Replace "-netdev user,id=hub0port0" with "-netdev bridge,br=br0,id=hub0port0" when testing bridged networking.

Bisecting the git repository shows the following bad commit:
commit a90a7425cf592a3afeff3eaf32f543b83050ee5c
Author: Fam Zheng <email address hidden>
Date: Thu Jun 4 14:45:17 2015 +0800

    tap: Drop tap_can_send

    This callback is called by main loop before polling s->fd, if it returns
    false, the fd will not be polled in this iteration.

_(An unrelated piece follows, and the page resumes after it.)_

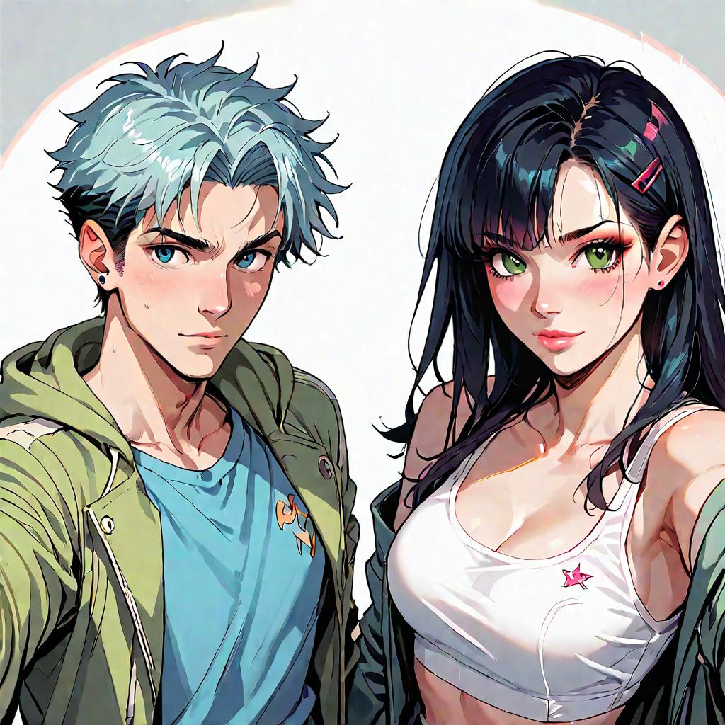 Selfie, group selfie, 2girls, 2boys, multiple girls, multiple boys, tendouakira, white shirt, green jacket, open jacket, andmikazukishizuka, hooded jacket, pink sports bra, andbeatrixamerhauser, white tank top, bare shoulders, andryuuzakikenichiro, blue shirt, open shirt, score_9, score_8_up, score_7_up, score_6_up, anime

    This is redundant with checks inside read callback. After this patch,
    the data will be sent to peer when it arrives. If the device can't
    receive, it will be queued to incoming_queue, and when the device status
    changes, this queue will be flushed.

    Signed-off-by: Fam Zheng <email address hidden>
    Message-id: <email address hidden>
    Signed-off-by: Stefan Hajnoczi <email address hidden>

Revision history for this message
Stefan Hajnoczi (stefanha) wrote : Re: [Qemu-devel] [Bug 1467240] [NEW] Regression - bridged networking broken for Mac OS X guest

On Sun, Jun 21, 2015 at 11:26:08AM -0000, Jonathan Liu wrote:
> Using the instructions at
> http://www.contrib.andrew.cmu.edu/~somlo/OSXKVM/ for running Mac OS X
> Snow Leopard under QEMU, bridged networking is broken when using QEMU
> git. The result is that Mac OS X is unable to obtain an IP address using
> DHCP. It works in the latest stable release - QEMU 2.3.0.
>
> Replace "-netdev user,id=hub0port0" with "-netdev
> bridge,br=br0,id=hub0port0" when testing bridged networking.
>
> Bisecting the git repository shows the following bad commit:
> commit a90a7425cf592a3afeff3eaf32f543b83050ee5c
> Author: Fam Zheng <email address hidden>
> Date: Thu Jun 4 14:45:17 2015 +0800
>
> tap: Drop tap_can_send

Please confirm that you are using -device e1000-82545em.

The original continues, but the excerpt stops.